(Data excerpts)
Segment Open
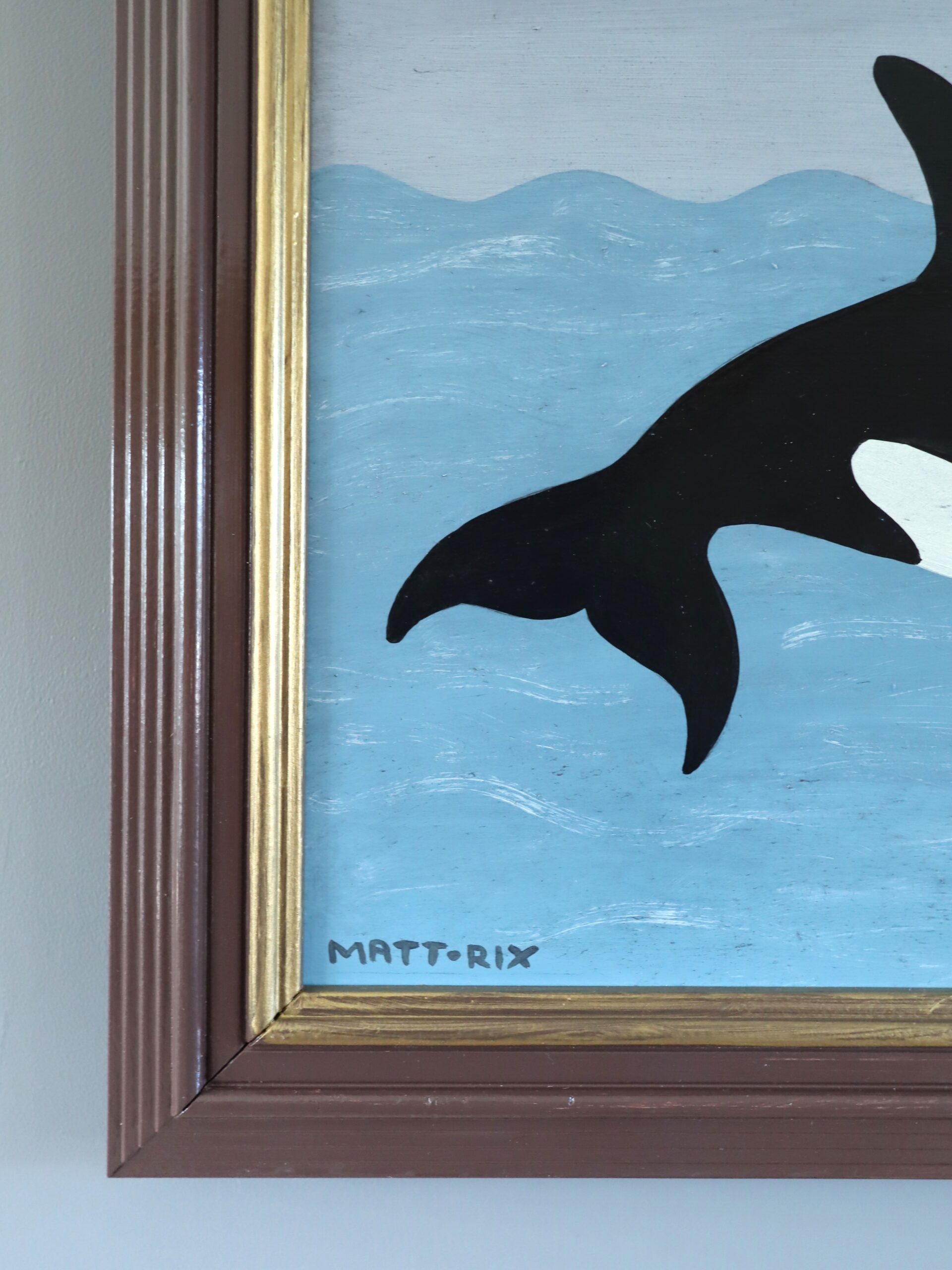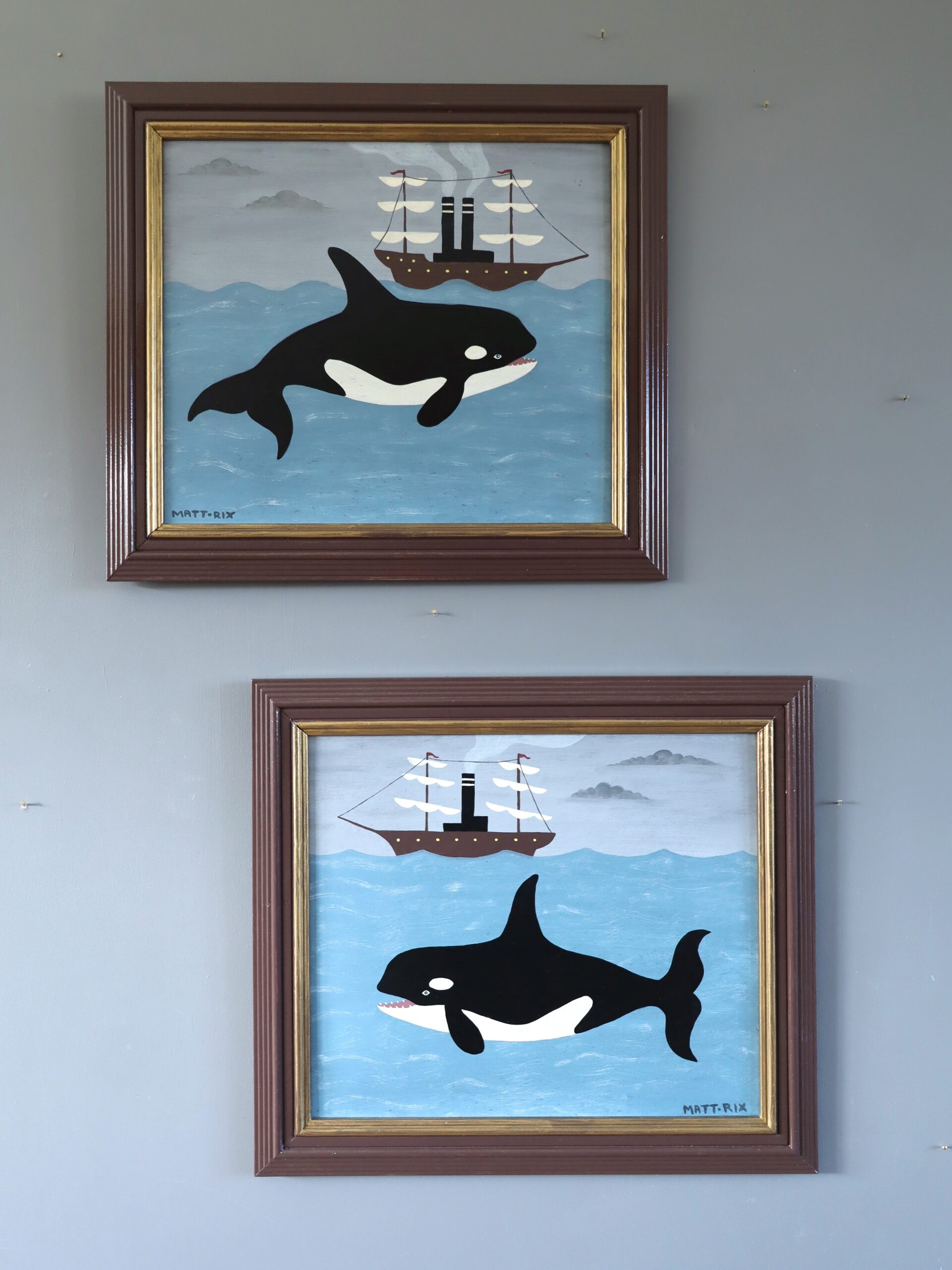 The palette is restrained yet effective: cool blues dominate the sea and sky, layered in soft tonal shifts, while the orca’s deep matte black contrasts crisply against its creamy white markings. The ship introduces earthy browns, subtly grounding the scene.
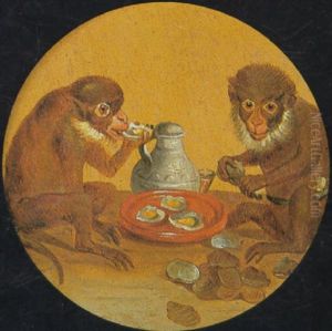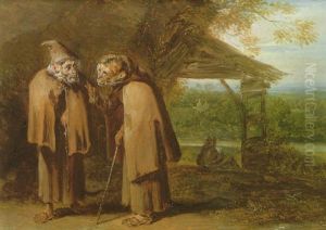Two Monkeys Dressed As Pilgrims Conversing In A Landscape
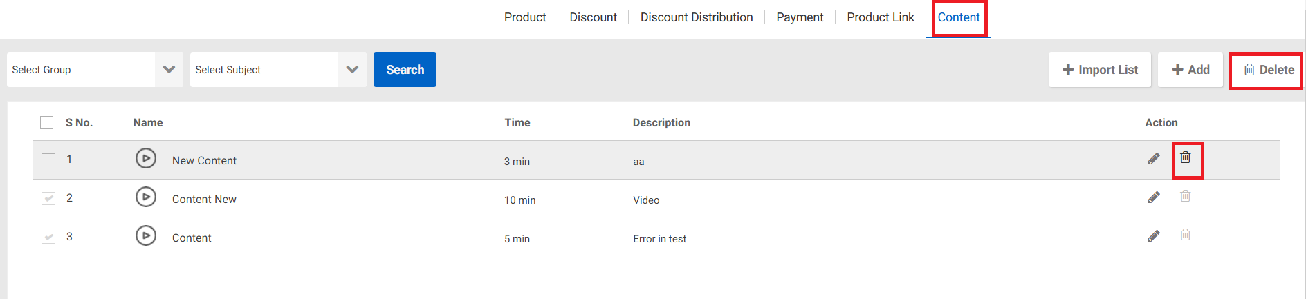Yes, you may delete the content, but please ensure it is not associated with any product. To delete the content, go to the Content section under the Product tab, select the content you wish to delete, and then click the Delete button or the trash icon on the right-hand side of the desired product.
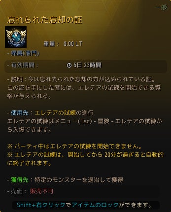 新コンテンツ「エレテアの試練」が追加され、忘却の証を使用して参加可能です。
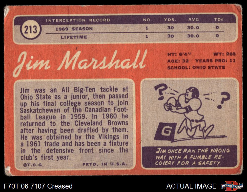 1970 Topps #213 Jim Marshall 1.5 - FAIR
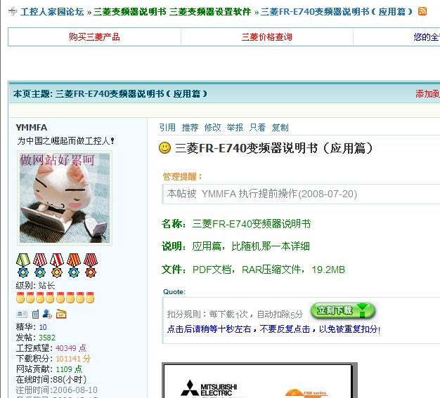 有哪位老師能給我個三菱FR-E740的使用說明書!謝謝!
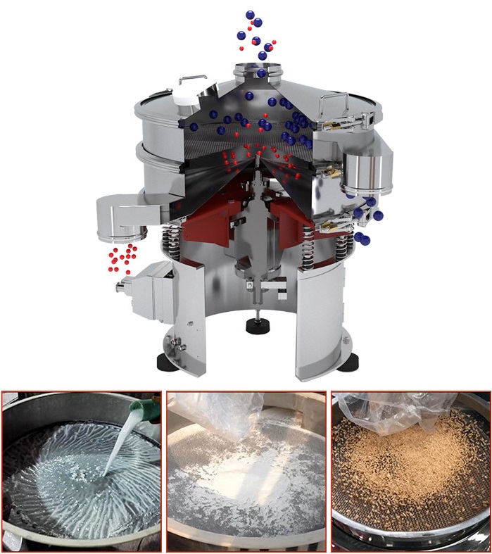 氣旋篩使用一組槳葉將產品推出篩網圓柱體,高速旋轉它們并對產品施加離心力,圓柱體水平安裝,因此對槳葉施加輕微的扭轉以將產品沿著圓柱體的長度向下移動,并且使用螺旋鉆以穩定的速度喂入槳葉。與振動篩相比,這些槳葉迫使產品通過篩網,從而使它們具有更高的吞吐量,旋轉螺旋鉆和槳葉組件的運動具有分解塊或分離壓實產品的額外好處。
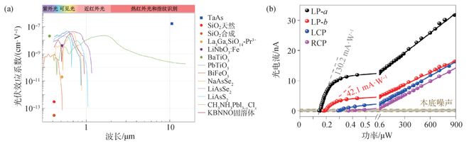 图5基于拓扑材料红外光电探测的研究进展[10,11] (a)外尔半金属TaAs与已知铁电材料的光伏效应系数对比。由于拓扑效应,TaAs的体光伏效应系数远强于其他已知的铁电材料;(b)外尔半金属TaIrTe4中的光电流响应强度与激发光强度的依赖关系,其斜率代表器件响应度,其中LP-
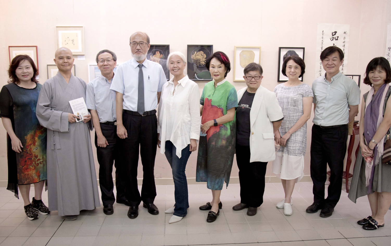 宋姸嫿老師(左五)與無曲即心-宋姸嫿彩墨畫展來賓們合影紀念。
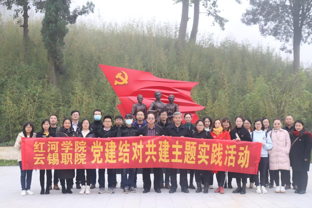 实施“结对”工程,结对共谋发展。制定了《红河学院与云锡职院党建结对实施方案》,开展了“四个一”交流互动,提升了工作质量。与昆明理工大学、红河学院、玉溪师范学院、昆明工职院、红河卫生职业学院等高校开展党建“手拉手”活动,加强思政教师、党务工作者和学生之间的沟通交流。组织师生与红河学院师生联合开展主题党日活动,进一步增强学习教育的针对性和实效性。学院综合管理党支部和个旧市鄢棚社区七八九组党支部结对,组织师生参与干部规划家乡活动,引导广大师生崇德向善。
Segment Closed
→ Exercise details: Each line above is to be repeated exactly as written; no picture is carried over.

→ Result of this exercise:
 The palette is restrained yet effective: cool blues dominate the sea and sky, layered in soft tonal shifts, while the orca’s deep matte black contrasts crisply against its creamy white markings. The ship introduces earthy browns, subtly grounding the scene.
Two Monkeys Dressed As Pilgrims Conversing In A Landscape
Yes, you may delete the content, but please ensure it is not associated with any product. To delete the content, go to the Content section under the Product tab, select the content you wish to delete, and then click the Delete button or the trash icon on the right-hand side of the desired product.
 新コンテンツ「エレテアの試練」が追加され、忘却の証を使用して参加可能です。
 1970 Topps #213 Jim Marshall 1.5 - FAIR
 有哪位老師能給我個三菱FR-E740的使用說明書!謝謝!
 氣旋篩使用一組槳葉將產品推出篩網圓柱體,高速旋轉它們并對產品施加離心力,圓柱體水平安裝,因此對槳葉施加輕微的扭轉以將產品沿著圓柱體的長度向下移動,并且使用螺旋鉆以穩定的速度喂入槳葉。與振動篩相比,這些槳葉迫使產品通過篩網,從而使它們具有更高的吞吐量,旋轉螺旋鉆和槳葉組件的運動具有分解塊或分離壓實產品的額外好處。
 图5基于拓扑材料红外光电探测的研究进展[10,11] (a)外尔半金属TaAs与已知铁电材料的光伏效应系数对比。由于拓扑效应,TaAs的体光伏效应系数远强于其他已知的铁电材料;(b)外尔半金属TaIrTe4中的光电流响应强度与激发光强度的依赖关系,其斜率代表器件响应度,其中LP-
 宋姸嫿老師(左五)與無曲即心-宋姸嫿彩墨畫展來賓們合影紀念。
 实施“结对”工程,结对共谋发展。制定了《红河学院与云锡职院党建结对实施方案》,开展了“四个一”交流互动,提升了工作质量。与昆明理工大学、红河学院、玉溪师范学院、昆明工职院、红河卫生职业学院等高校开展党建“手拉手”活动,加强思政教师、党务工作者和学生之间的沟通交流。组织师生与红河学院师生联合开展主题党日活动,进一步增强学习教育的针对性和实效性。学院综合管理党支部和个旧市鄢棚社区七八九组党支部结对,组织师生参与干部规划家乡活动,引导广大师生崇德向善。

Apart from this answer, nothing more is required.